День прошел неплохо. Петра давно осознала, что ручной труд имеет свою особую приятность. В отличие от школьной работы и учебы, физическая работа позволяет свободно бродить уму, изнемогающему от скуки, чтобы исследовать свои собственные фантазии и мечты. Выросшая на ферме, Петра, по сути, прожила большую часть своей жизни в подобном трансу мире воображения, уносясь в мечтах прочь, в то время как тело усердно трудилось над какой-нибудь повторяющейся, чисто физической задачей. Петра просто обожала то чувство, когда падаешь в постель каждый вечер в полном изнеможении. На самом деле, в начале каждого курса школы она страдала от коротких приступов бессонницы, ее тело не привыкло к противоположному миру умственного труда и малоподвижному образу жизни. Хотя жизнь на ферме никогда особенно не была разнообразной и довольно часто требовала физических усилий, это была в целом не плохая жизнь. Петра раздумывала об этом, пока двигалась на протяжении своего последнего дня на ферме, работая наравне с Иззи.

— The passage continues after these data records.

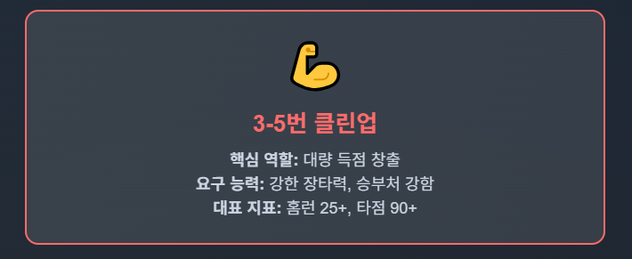| 3-5번 | 클린업 | 홈런 20+, 타점 80+ | 대량 득점 창출 |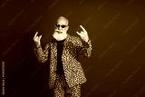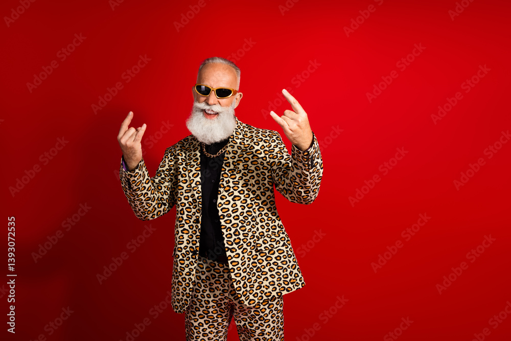 Fashion model man in leopard print suit with iconic gestures on vibrant red background exuding style and confident energy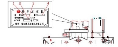 1、起重機(jī)型號 2、最大的起矩重力 3、出廠日期 4、出廠編號

В присутствии сестры Иззи едва ли казалась медлительной. Работа, с которой девушка с трудом могла управляться под нетерпеливыми указаниями Филлис, при Петре она выполняла быстро и изящно. Петра всегда считала себя просто лучшим учителем, чем Филлис, главным образом потому, что была более терпеливой и нежной с девушкой. Но теперь Петра задавалась вопросом. Мерлин сказал, что ведунья черпает свою силу из окружающего мира. Что, если ведунья также может раздавать силу тем, кто вокруг нее? В этом есть какой-то смысл. Может быть, в ее присутствии Иззи действительно балансировала на грани ведьмовства, чего девушка так страстно желала. Петра с опаской рассматривала это — мысль была одновременно счастливая и немного разочаровывающая.
И все же Петра помнила легенды о самом Мерлине и Озерной Деве, о том, как он учил магии человека, совершенно не обладавшего магической силой, — Джудит, которая должна была стать его женой. Обыкновенные ведьмы и волшебники не могли научить магии людей-неволшебников, не скорее, чем могли бы научить комара говорить по-французски. Но, вероятно, ведуны и ведуньи могли передать какое-то подобие своей силы, ту часть, которая исходит от природы вокруг, даже умственно отсталому человеку. Петра думала об этом, трудясь бок о бок с Иззи. Любопытно, что сказала бы Филлис, если бы заметила, как умело ее дочь работает в присутствии Петры. Изменил бы этот факт ее мнение об Иззи? С грустью Петра подумала, нет, не изменил бы. Филлис просто обвинила бы Петру в том, что она манипулирует девочкой, воздействуя на нее своими противоестественными колдовскими чарами.
И, честно говоря, Петра не была уверена, ошибалась Филлис или нет.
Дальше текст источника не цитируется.